▸ **Records for this exercise**

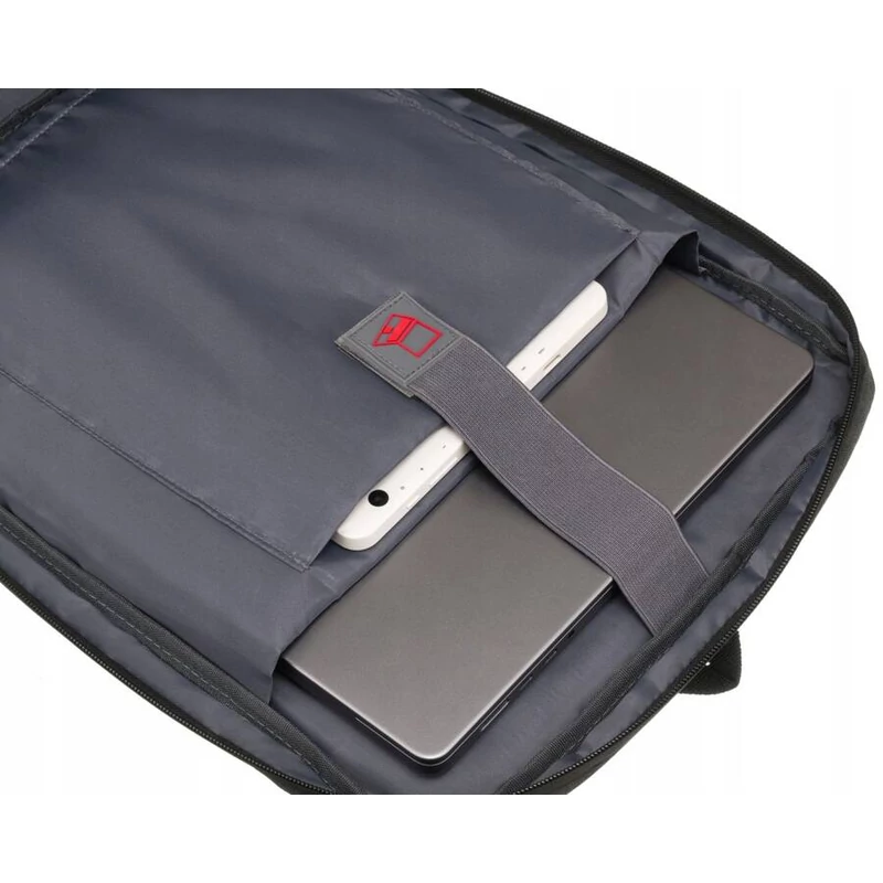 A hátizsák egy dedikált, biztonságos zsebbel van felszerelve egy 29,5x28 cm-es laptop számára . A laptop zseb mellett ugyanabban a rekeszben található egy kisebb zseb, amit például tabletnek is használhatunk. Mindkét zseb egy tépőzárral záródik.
---
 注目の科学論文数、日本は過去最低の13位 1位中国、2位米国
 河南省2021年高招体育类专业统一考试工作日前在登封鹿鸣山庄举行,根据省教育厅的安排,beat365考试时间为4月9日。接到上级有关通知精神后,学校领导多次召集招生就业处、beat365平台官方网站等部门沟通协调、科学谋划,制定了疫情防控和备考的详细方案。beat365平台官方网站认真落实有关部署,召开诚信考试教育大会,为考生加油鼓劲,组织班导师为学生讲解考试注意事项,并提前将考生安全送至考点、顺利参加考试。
---
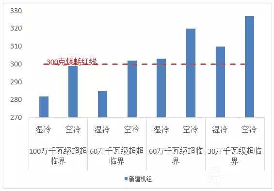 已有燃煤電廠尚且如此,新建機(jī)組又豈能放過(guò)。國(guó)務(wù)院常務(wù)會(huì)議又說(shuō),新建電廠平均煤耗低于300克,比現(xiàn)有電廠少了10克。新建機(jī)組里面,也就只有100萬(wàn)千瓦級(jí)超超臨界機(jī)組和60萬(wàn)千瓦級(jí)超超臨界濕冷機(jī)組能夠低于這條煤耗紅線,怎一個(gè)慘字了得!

▸ **Your assignment**
In the listing above, find the line with "注目の科学論文数、日本は過去最低の13位 1位中国、2位米国" and the line with "河南省2021年高招体育类专", then print exactly those two lines and every line between them, and nothing more.

▸ **Written response**
 注目の科学論文数、日本は過去最低の13位 1位中国、2位米国
 河南省2021年高招体育类专业统一考试工作日前在登封鹿鸣山庄举行,根据省教育厅的安排,beat365考试时间为4月9日。接到上级有关通知精神后,学校领导多次召集招生就业处、beat365平台官方网站等部门沟通协调、科学谋划,制定了疫情防控和备考的详细方案。beat365平台官方网站认真落实有关部署,召开诚信考试教育大会,为考生加油鼓劲,组织班导师为学生讲解考试注意事项,并提前将考生安全送至考点、顺利参加考试。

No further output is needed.